EXERCISE — All of the entries must be reproduced exactly, with no images carried over.
# # # # # # #
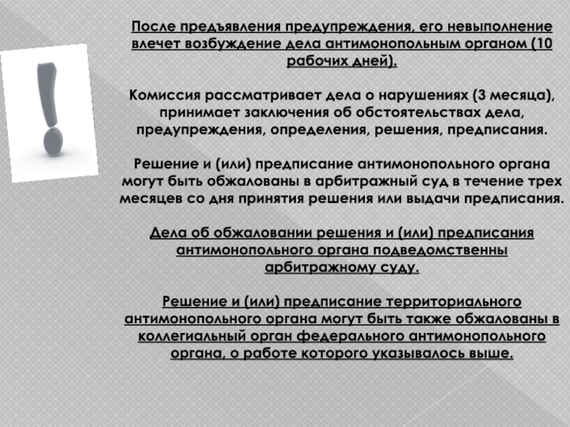 После предъявления предупреждения, его невыполнение влечет возбуждение дела антимонопольным органом
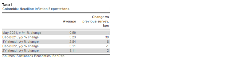 BanRep released the May edition of its monthly survey of economic analysts with data collected over the period May 6 to 12. The results showed higher inflation projections for 2021, still-anchored expectations over the longer run, and anticipation of a first rate hike from the BanRep Board by December 2021.
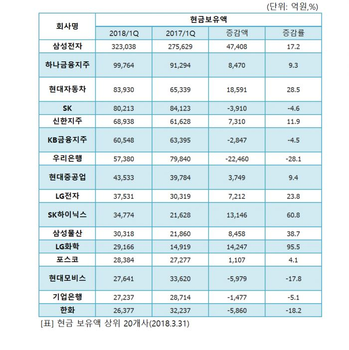 현대차그룹은 현대차와 현대모비스, 기아차, 현대건설 등 4개 계열기업이, SK그룹은 SK와 SK하이닉스, SK이노베이션, SK텔레콤 등 4개 계열기업이, LG그룹은 LG전자, LG화학, LG디스플레이, LG 등 4개 계열기업이 각각 현금 1조 원 이상이었다.
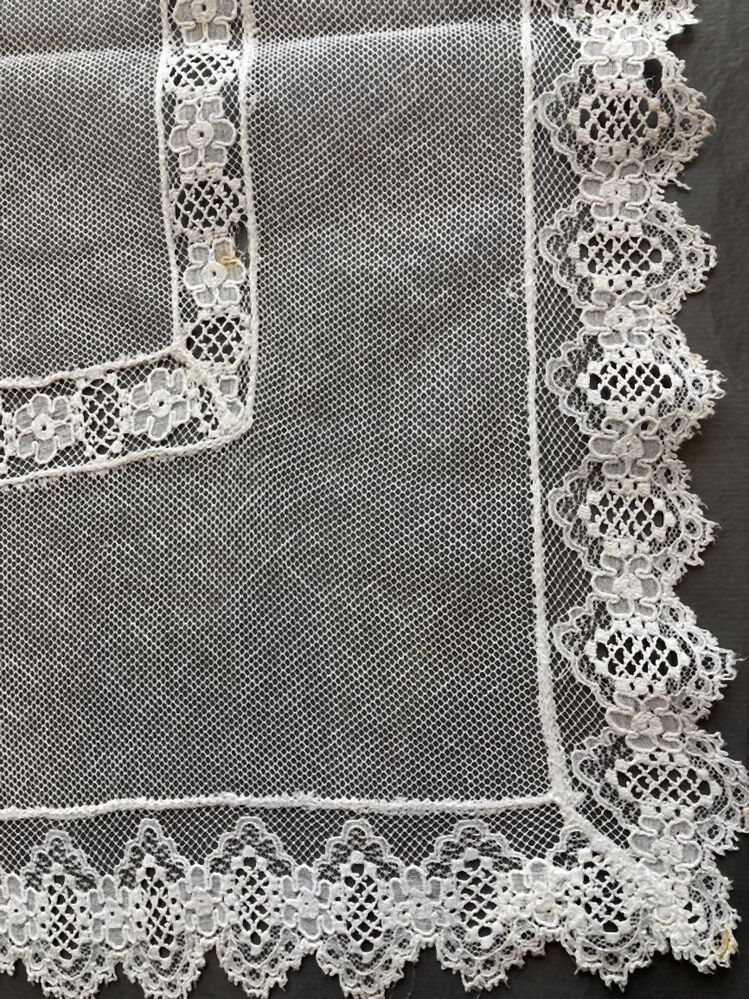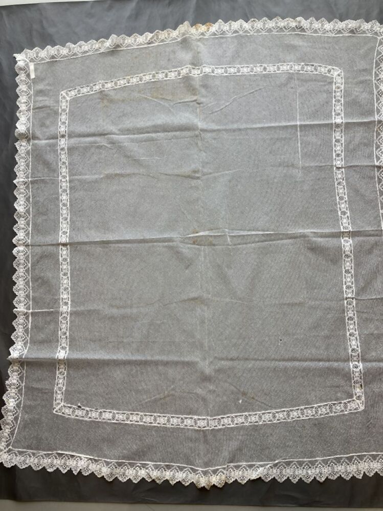 Tafelkleed van witte tule met ingezette rand en rondom rand van machinale kant
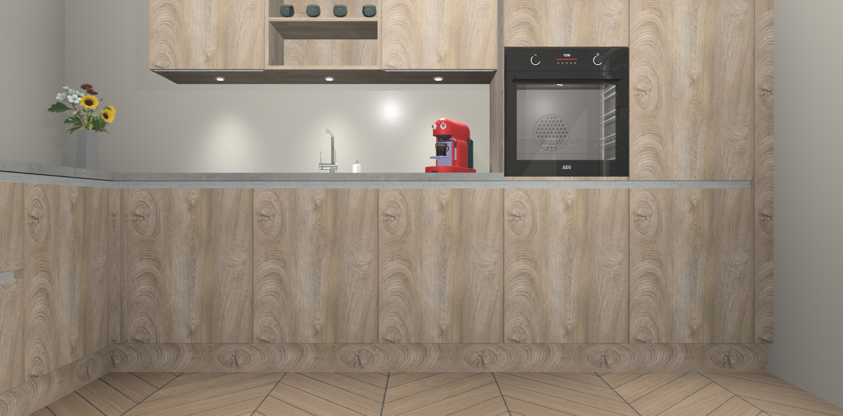 Inclusief plinten, stelpoten en werkblad
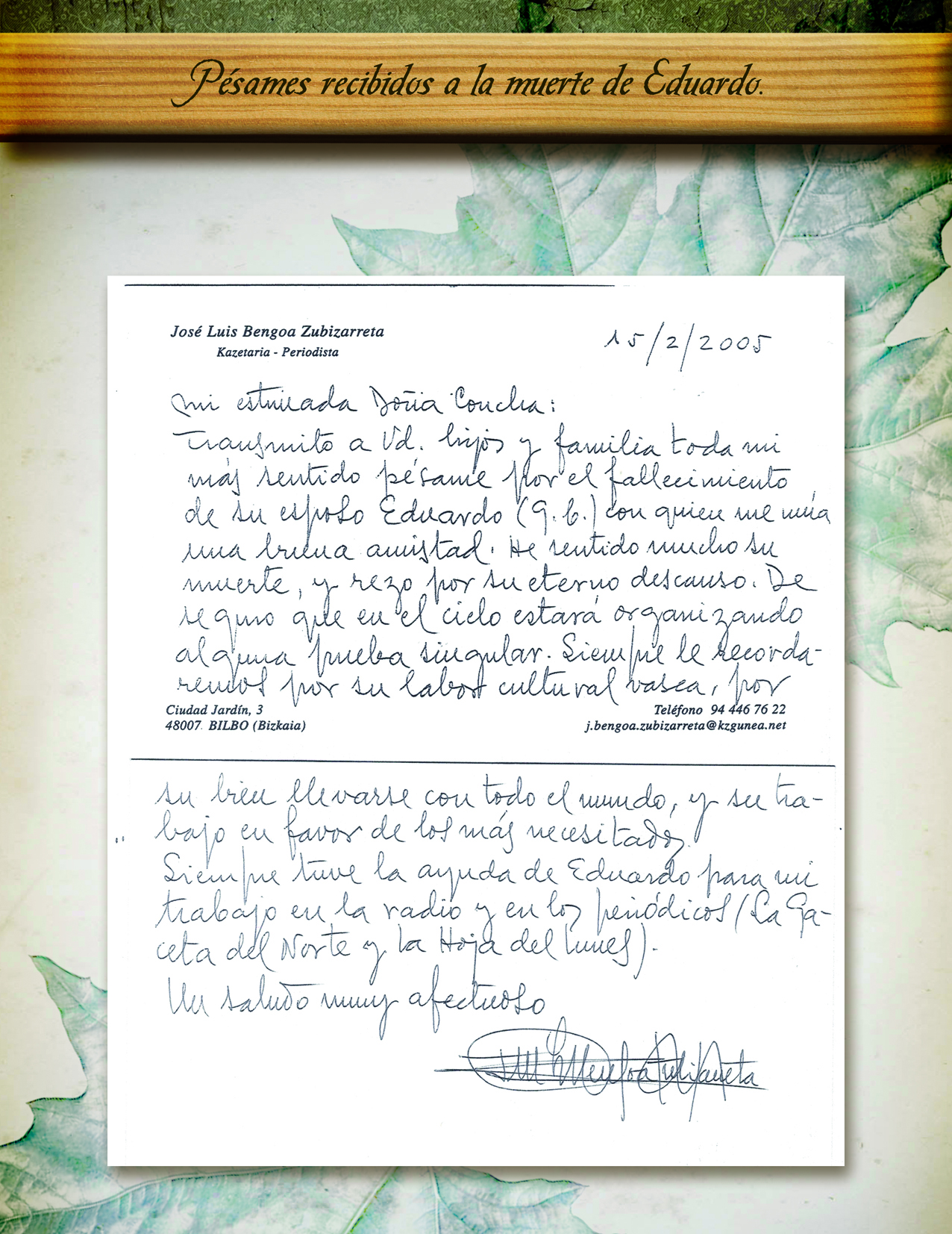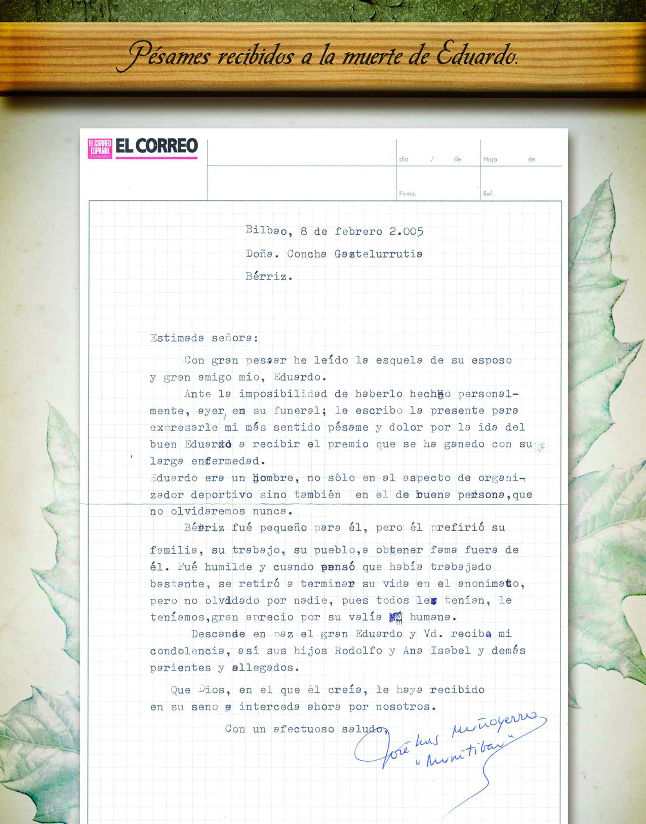 Su mujer, hijos y familiares recibieron numerosas muestras de condolencia por el fallecimiento de Eduardo. Afirmar que en esos momentos de dolor, toda muestra de solidaridad ayuda a soportarlo un poco mejor, si cabe.
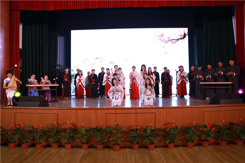 演出结束,16级留学生开心的说:“终于在快要毕业的时候,有机会穿上汉服,并且向全校的老师和同学们展示我们所学的中华文化。汉服真的好漂亮,中国诗歌真的很好听,我们都很喜欢。”
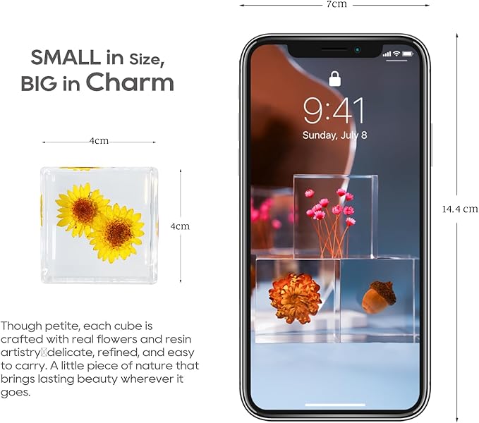 - Handmade with Real Plants: Each resin cube features real preserved flowers—not artificial prints. Every piece is handcrafted, making your flower paperweight truly one-of-a-kind and tastefully unique.
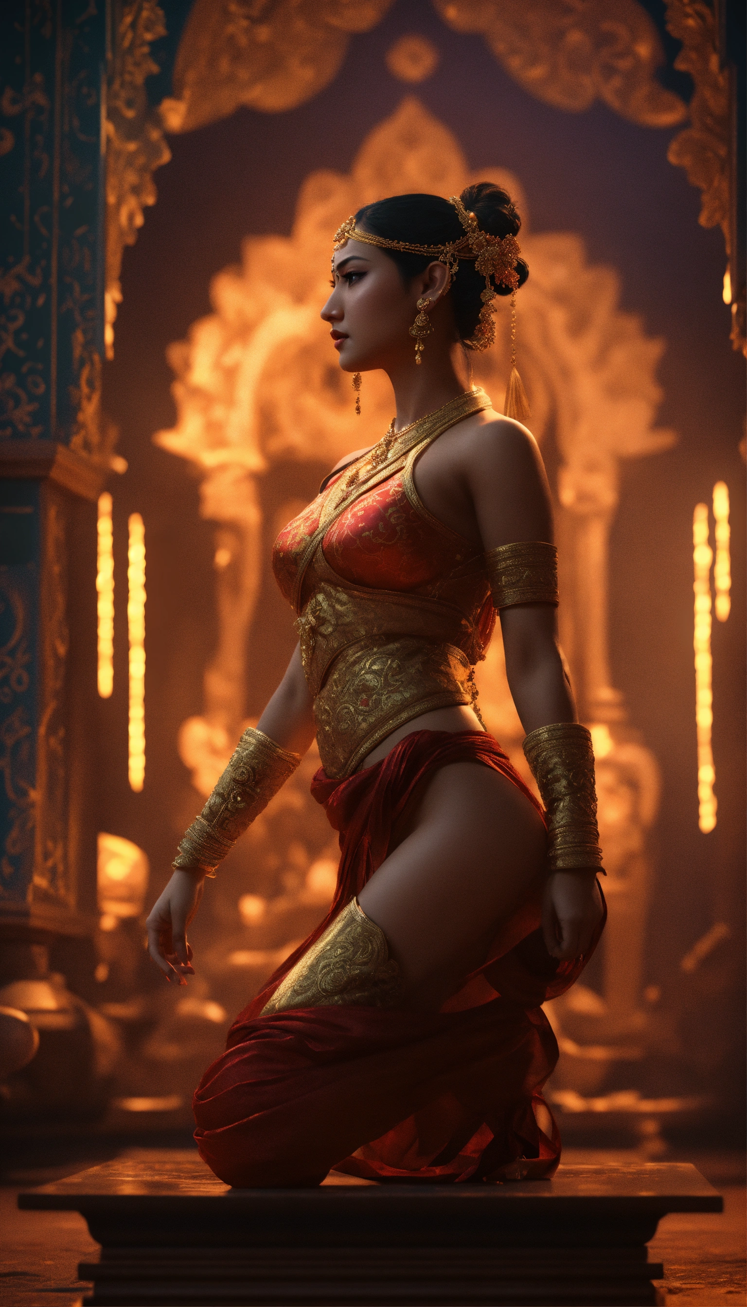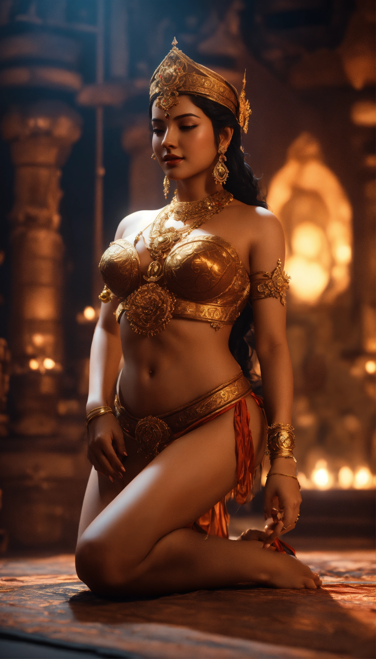Actress honeyrose in kamasutra character art in blender 3d using cycles renderer in a volumetric light in a dark environment godly environment, 4k, crisp, vray, relatable background, wlop style
# # # # # # #
RESULT OF THE EXERCISE —
 После предъявления предупреждения, его невыполнение влечет возбуждение дела антимонопольным органом
 BanRep released the May edition of its monthly survey of economic analysts with data collected over the period May 6 to 12. The results showed higher inflation projections for 2021, still-anchored expectations over the longer run, and anticipation of a first rate hike from the BanRep Board by December 2021.
 현대차그룹은 현대차와 현대모비스, 기아차, 현대건설 등 4개 계열기업이, SK그룹은 SK와 SK하이닉스, SK이노베이션, SK텔레콤 등 4개 계열기업이, LG그룹은 LG전자, LG화학, LG디스플레이, LG 등 4개 계열기업이 각각 현금 1조 원 이상이었다.
 Tafelkleed van witte tule met ingezette rand en rondom rand van machinale kant
 Inclusief plinten, stelpoten en werkblad
 Su mujer, hijos y familiares recibieron numerosas muestras de condolencia por el fallecimiento de Eduardo. Afirmar que en esos momentos de dolor, toda muestra de solidaridad ayuda a soportarlo un poco mejor, si cabe.
 演出结束,16级留学生开心的说:“终于在快要毕业的时候,有机会穿上汉服,并且向全校的老师和同学们展示我们所学的中华文化。汉服真的好漂亮,中国诗歌真的很好听,我们都很喜欢。”
 - Handmade with Real Plants: Each resin cube features real preserved flowers—not artificial prints. Every piece is handcrafted, making your flower paperweight truly one-of-a-kind and tastefully unique.
Actress honeyrose in kamasutra character art in blender 3d using cycles renderer in a volumetric light in a dark environment godly environment, 4k, crisp, vray, relatable background, wlop style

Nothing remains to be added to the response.